Danilo Venticinque, na Época

Acompanhei, por obrigação e com uma enorme preguiça, as críticas da imprensa internacional ao livro Inferno, de Dan Brown. Torço para que o leitor tenha escapado. São textos que não explicam nada sobre o sucesso internacional do autor, mas explicam muito sobre a perda de prestígio dos críticos. Segundo eles, Dan Brown é prolixo, repetitivo e tem um estilo pedestre. Por que, então, seus livros vendem centenas de milhões de exemplares?

Na coluna anterior, sobre a importância dos best-sellers, faltou mencionar que a crítica é uma das principais fontes do discurso contra autores que fazem sucesso – ou do silêncio a respeito deles. Há uma enorme dificuldade para lidar com livros que vendem bem.

É uma lição que o jornalismo de cinema – ao menos o bom jornalismo de cinema – aprendeu há algumas décadas. Um bom crítico sabe que não pode julgar um blockbuster de Holywood e um filme independente com os mesmos critérios. Não se trata de estabelecer uma diferença de qualidade entre os dois, mas de avaliar de forma diferente obras que têm propostas distintas. O brilhante Roger Ebert, primeiro crítico de cinema a receber um prêmio Pulitzer, sabia fazer isso como poucos. Escrevia com sensibilidade sobre cineastas como Terrence Malick, mas também era capaz de divertir-se com os filmes de James Cameron.

O mesmo vale para a literatura. Analisar a prosa de Dan Brown e criticá-lo por seu estilo é como criticar Os vingadores por sua história leve e ritmo acelerado. Nenhum crítico de cinema capaz de se levar a sério faria isso. É algo tão despropositado quanto criticar Morangos silvestres pela falta de explosões e perseguições de carros.

Os leitores e espectadores sabem o que esperar de cada filme e de cada livro. O único desorientado é o crítico. Quem reclama da prosa pedestre de Dan Brown deveria, antes, respirar fundo e tentar se divertir com o enredo de seus livros.

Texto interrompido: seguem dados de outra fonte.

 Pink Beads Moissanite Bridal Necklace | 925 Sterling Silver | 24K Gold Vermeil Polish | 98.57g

A vida não precisa ser sempre tão séria.

Há os que criticam os sucessos comerciais por princípio, na tentativa de fazer o público ler obras literárias mais profundas. É um esforço vão. O extrato bancário de Dan Brown é a prova de que ninguém deixará de ler um livro divertido por causa de uma resenha mal-humorada. Chega a ser ridículo ver jornais com centenas de milhares de leitores se engajarem numa campanha contra autores que vendem centenas de milhões de livros. É muito mais produtivo analisar Dan Brown como um fenômeno de entretenimento e tentar ajudar o leitor a escolher o que ele lerá depois de Inferno. Há livros bons nas listas de mais vendidos. Elogiá-los é muito mais útil do que criticar os livros supostamente ruins.

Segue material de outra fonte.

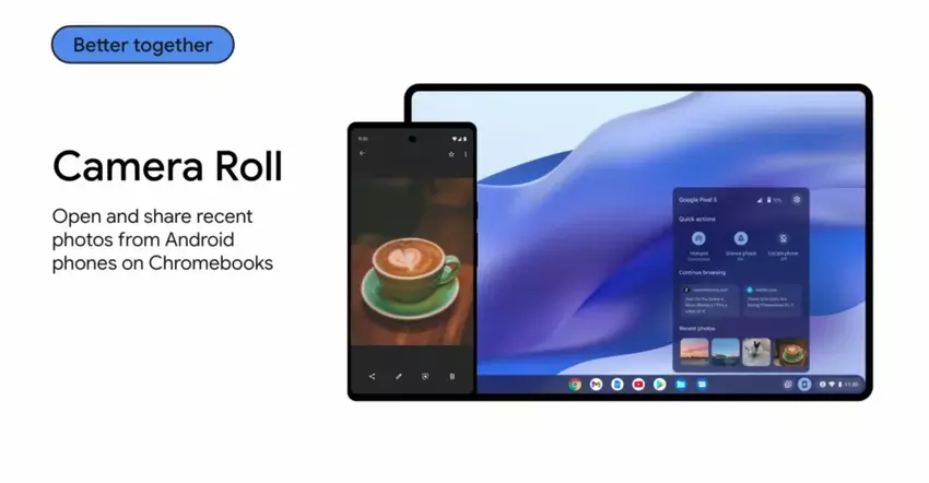 Als nächstes wird Camera Roll endlich in Chrome OS erscheinen. Camera Roll ist eine großartige Funktion, mit der Ihre neuesten Fotos, die auf Smartphones aufgenommen wurden, im Phone Hub-Bereich Ihres Chromebooks angezeigt werden. Von dort aus können Sie Ihre neuesten Fotos einfach per Drag-and-Play über Chrome OS überall hin mitnehmen.

No Brasil, as resenhas mal-humoradas de best-sellers são mais raras do que no exterior. A postura usual aqui é fingir que eles não existem – sobretudo se são autores nacionais. É algo que só existe no jornalismo cultural. Se uma multidão ocupa uma grande avenida numa manifestação, os cadernos de política do dia seguinte inevitavelmente trarão manchetes sobre isso. É uma regra básica. O que se faz nas páginas dedicadas à literatura equivale a desprezar a multidão e, em vez disso, elogiar a beleza de uma outra avenida, vazia, a quilômetros de distância. É um perigoso exercício de ignorar notícias, e um flerte com a irrelevância.

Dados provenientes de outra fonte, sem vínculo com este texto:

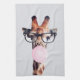 Giraffe Wearing Glasses Blowing Pink Bubble gum Tea Towel

Há algumas semanas, no Fórum das Letras de Ouro Preto, o editor Ivan Pinheiro Machado citou o sucesso dos livros de bolso da L&PM como um exemplo de como os jornais têm pouca influência sobre as vendas. A coleção ultrapassou os 30 milhões de exemplares, mesmo sendo rotineiramente ignorada na imprensa. No ano passado, quando revistas e jornais se comoviam com o lançamento da antologia de jovens autores brasileiros pela Granta, a editora Record oportunamente lançou a coletânea Geração subzero, com textos de 20 autores “congelados” pela crítica e adorados pelo público. Estavam lá os vampiros de André Vianco, o fenômeno infantojuvenil Thalita Rebouças e sucessos recentes da literatura fantástica, como Eduardo Spohr, Raphael Draccon e Carolina Munhóz. Todos conquistaram os leitores sem a ajuda da crítica. Bom para eles – e péssimo para os críticos.

Numa época em que qualquer um pode publicar sua opinião na internet e centenas de blogs divulgam boas resenhas de best-sellers, há vários caminhos para o futuro da crítica. Ignorar as preferências dos leitores certamente é o pior deles.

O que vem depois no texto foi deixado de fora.